Task data |

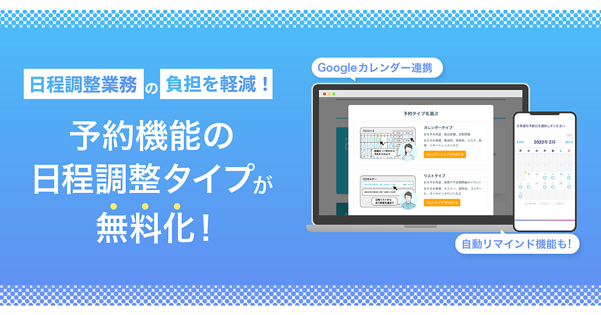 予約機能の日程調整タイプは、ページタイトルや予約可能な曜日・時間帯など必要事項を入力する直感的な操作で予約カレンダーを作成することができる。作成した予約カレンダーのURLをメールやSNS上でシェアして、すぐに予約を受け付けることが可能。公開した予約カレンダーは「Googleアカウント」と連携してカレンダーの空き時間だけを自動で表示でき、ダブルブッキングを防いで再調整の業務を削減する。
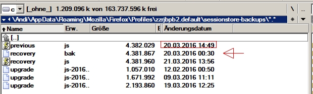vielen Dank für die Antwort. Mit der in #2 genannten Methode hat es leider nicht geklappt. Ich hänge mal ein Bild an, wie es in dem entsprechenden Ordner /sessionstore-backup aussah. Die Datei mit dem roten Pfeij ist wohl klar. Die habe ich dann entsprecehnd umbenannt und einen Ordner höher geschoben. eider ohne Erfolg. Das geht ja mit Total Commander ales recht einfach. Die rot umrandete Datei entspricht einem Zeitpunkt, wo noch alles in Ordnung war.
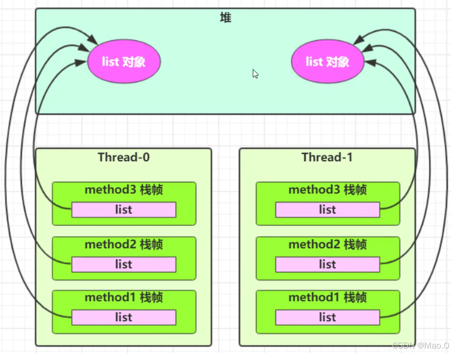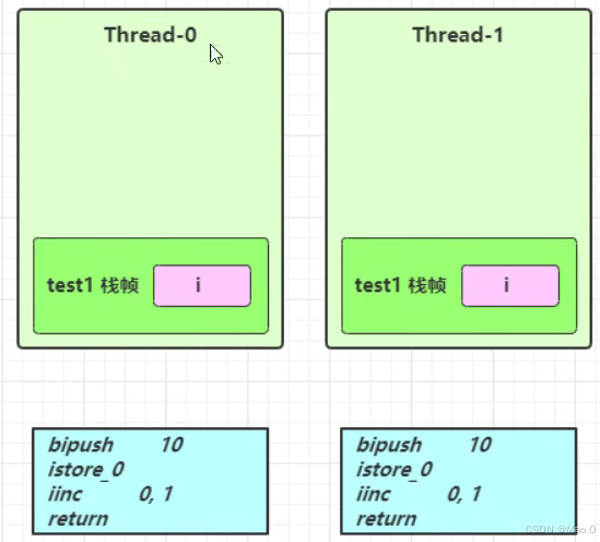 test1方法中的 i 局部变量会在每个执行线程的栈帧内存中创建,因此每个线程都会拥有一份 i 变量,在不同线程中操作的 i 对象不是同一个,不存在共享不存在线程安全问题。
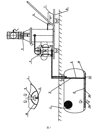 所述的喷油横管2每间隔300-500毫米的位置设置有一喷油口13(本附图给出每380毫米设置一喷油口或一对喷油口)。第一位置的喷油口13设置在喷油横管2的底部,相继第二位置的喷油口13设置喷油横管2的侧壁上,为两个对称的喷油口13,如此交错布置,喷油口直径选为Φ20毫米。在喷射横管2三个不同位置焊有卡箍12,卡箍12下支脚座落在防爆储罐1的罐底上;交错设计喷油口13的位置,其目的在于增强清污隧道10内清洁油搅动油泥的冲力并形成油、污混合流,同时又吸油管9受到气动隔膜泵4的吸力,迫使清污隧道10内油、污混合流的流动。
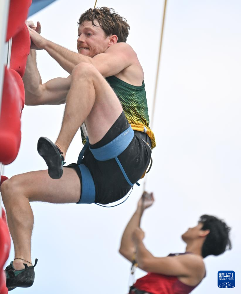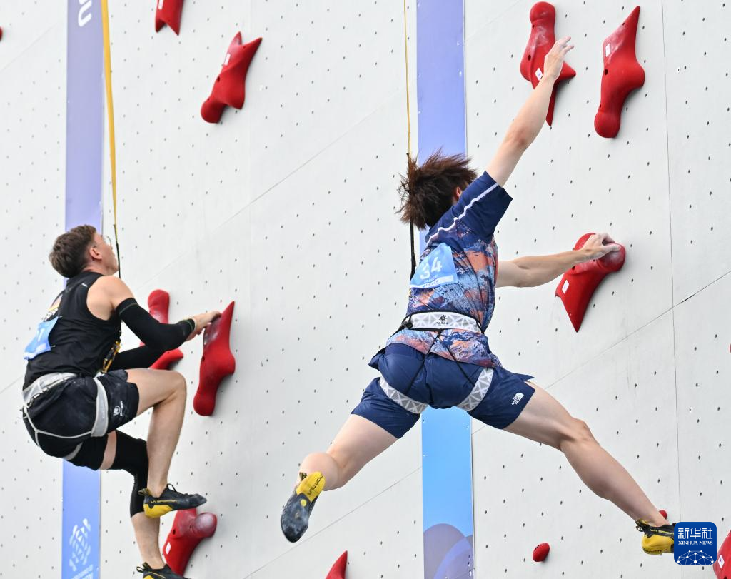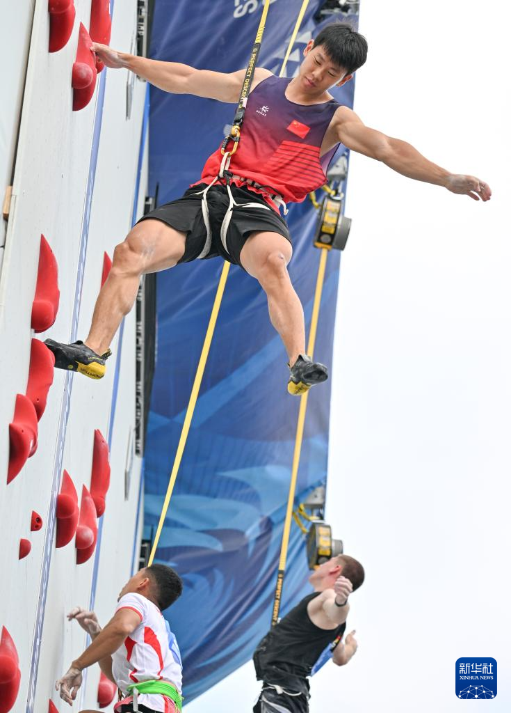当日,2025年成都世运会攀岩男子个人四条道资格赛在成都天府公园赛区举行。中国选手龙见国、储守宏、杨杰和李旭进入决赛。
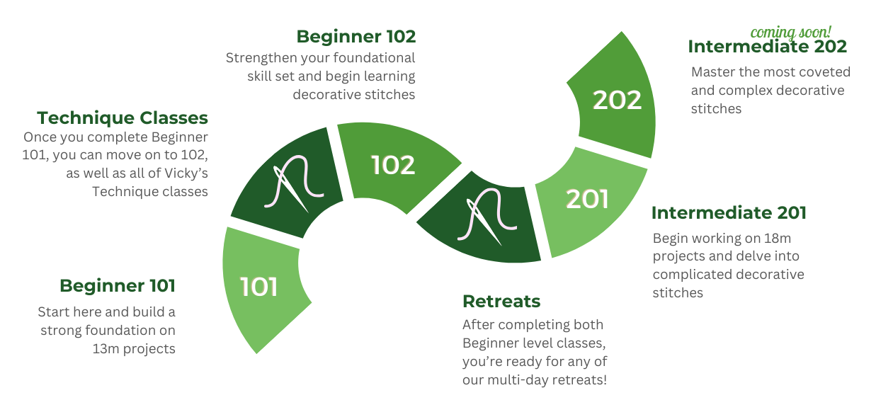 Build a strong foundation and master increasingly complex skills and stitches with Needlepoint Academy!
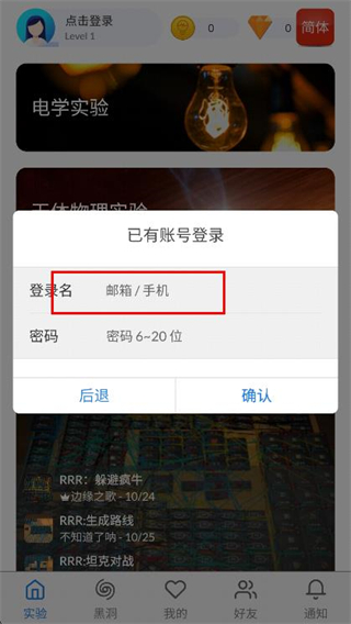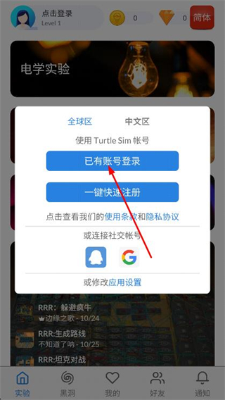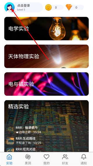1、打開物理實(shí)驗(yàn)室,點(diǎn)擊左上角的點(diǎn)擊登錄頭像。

Exercise brief | The records are to be retyped in full and exactly, with no image carried over.

Solution to this task |
 予約機能の日程調整タイプは、ページタイトルや予約可能な曜日・時間帯など必要事項を入力する直感的な操作で予約カレンダーを作成することができる。作成した予約カレンダーのURLをメールやSNS上でシェアして、すぐに予約を受け付けることが可能。公開した予約カレンダーは「Googleアカウント」と連携してカレンダーの空き時間だけを自動で表示でき、ダブルブッキングを防いで再調整の業務を削減する。
vielen Dank für die Antwort. Mit der in #2 genannten Methode hat es leider nicht geklappt. Ich hänge mal ein Bild an, wie es in dem entsprechenden Ordner /sessionstore-backup aussah. Die Datei mit dem roten Pfeij ist wohl klar. Die habe ich dann entsprecehnd umbenannt und einen Ordner höher geschoben. eider ohne Erfolg. Das geht ja mit Total Commander ales recht einfach. Die rot umrandete Datei entspricht einem Zeitpunkt, wo noch alles in Ordnung war.
 test1方法中的 i 局部变量会在每个执行线程的栈帧内存中创建,因此每个线程都会拥有一份 i 变量,在不同线程中操作的 i 对象不是同一个,不存在共享不存在线程安全问题。
 所述的喷油横管2每间隔300-500毫米的位置设置有一喷油口13(本附图给出每380毫米设置一喷油口或一对喷油口)。第一位置的喷油口13设置在喷油横管2的底部,相继第二位置的喷油口13设置喷油横管2的侧壁上,为两个对称的喷油口13,如此交错布置,喷油口直径选为Φ20毫米。在喷射横管2三个不同位置焊有卡箍12,卡箍12下支脚座落在防爆储罐1的罐底上;交错设计喷油口13的位置,其目的在于增强清污隧道10内清洁油搅动油泥的冲力并形成油、污混合流,同时又吸油管9受到气动隔膜泵4的吸力,迫使清污隧道10内油、污混合流的流动。
当日,2025年成都世运会攀岩男子个人四条道资格赛在成都天府公园赛区举行。中国选手龙见国、储守宏、杨杰和李旭进入决赛。
 Build a strong foundation and master increasingly complex skills and stitches with Needlepoint Academy!
1、打開物理實(shí)驗(yàn)室,點(diǎn)擊左上角的點(diǎn)擊登錄頭像。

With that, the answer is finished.